Perdebatan (kembali) mengenai kompabilitas Pancasila yang dibenturkan dengan agama (Islam), sekaligus usaha sungguh-sungguh serta komitmen (jihad) untuk menggugatnya (lagi) sebagai dasar negara sudah semestinya patut disudahi, diakhiri. Selain tidak melihat realitas kemajemukan bangsa, dapat dikatakan pula bahwa tindakan itu adalah ahistoris.
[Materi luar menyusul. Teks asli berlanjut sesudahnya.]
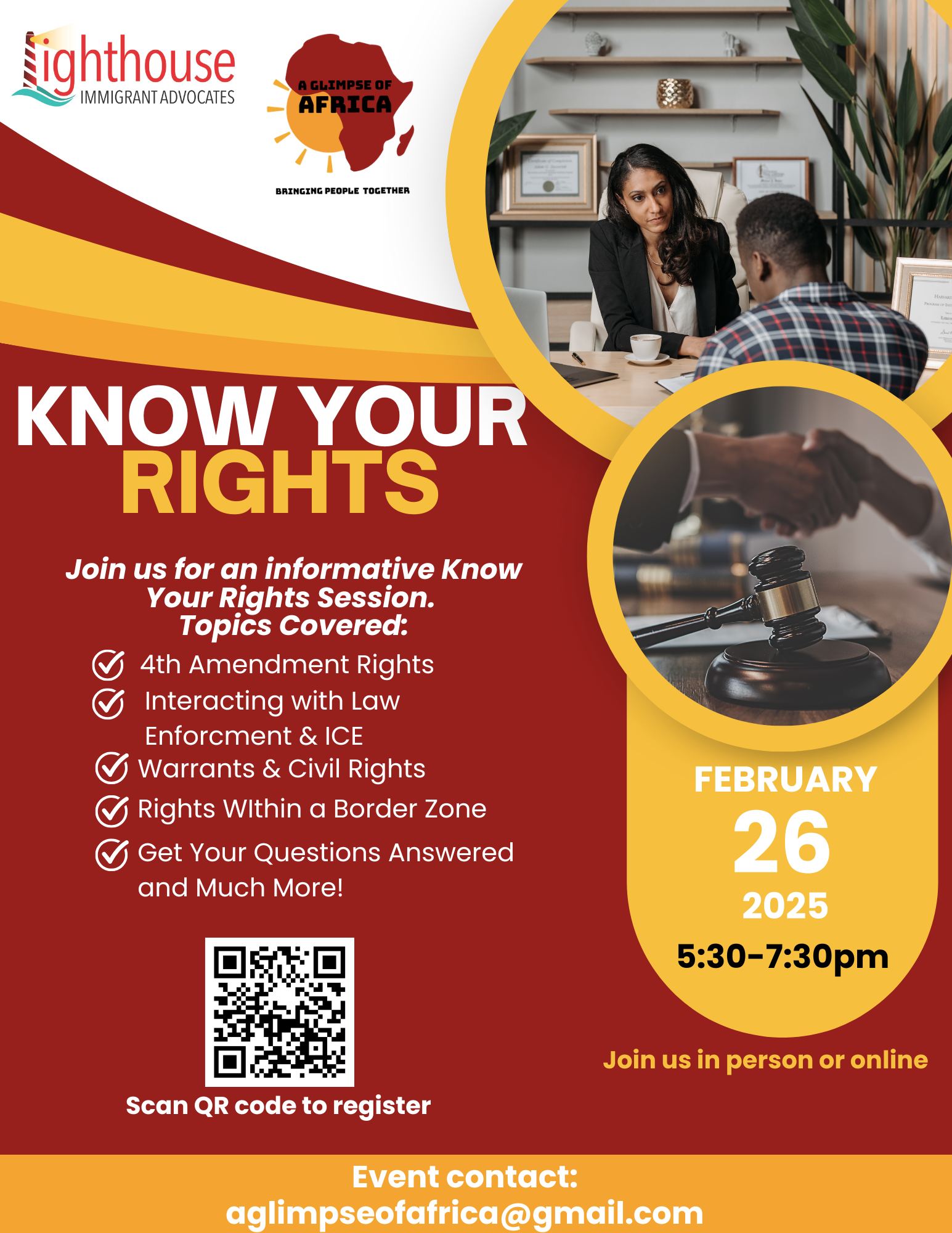 Due to high demand, A Glimpse of Africa, in partnership with Lighthouse Immigrant Advocates and attorney Bill, is offering another Know Your Rights Session. This session will cover important topics such as 4th Amendment rights, interacting with law enforcement and ICE, understanding warrants, and preparing for potential detention or deportation.

Dikatakan ahistoris karena perdebatan tentang itu sudah pernah dilakukan oleh para founding father bangsa kita pada kurun waktu tahun 1940-an. Ialah perdebatan yang dilaksanakan oleh golongan nasionalis sekuler yang dikomandoi oleh Soekarno pada satu sisi. Sedangkan di sisi yang lain oleh golongan nasionalis agamis, yang diwakili oleh M. Natsir. Tidak ada salahnya jika kita meninjau ulang salah satu sejarah bangsa yang sudah terekam apik dalam buku-buku sejarah bangsa.
Dan yang penting ditekankan adalah bahwa itu bisa dipertanggungjawabkan secara akademis. Kesimpulannya, setelah melakukan perdebatan akademik yang cukup panjang, mereka kemudian “bersepakat” untuk menjadikan Pancasila sebagai dasar negara yang bersifat final. Pancasila ini (dalam Wahyuni, 2017: 59) merupakan kesepakatan yang berbentuk philosopische grundslag untuk membentuk negara bangsa, yang menjadi jalan tengah sebagai sebuah negara yang tidak sekuler sekaligus tidak didasarkan pada agama tertentu.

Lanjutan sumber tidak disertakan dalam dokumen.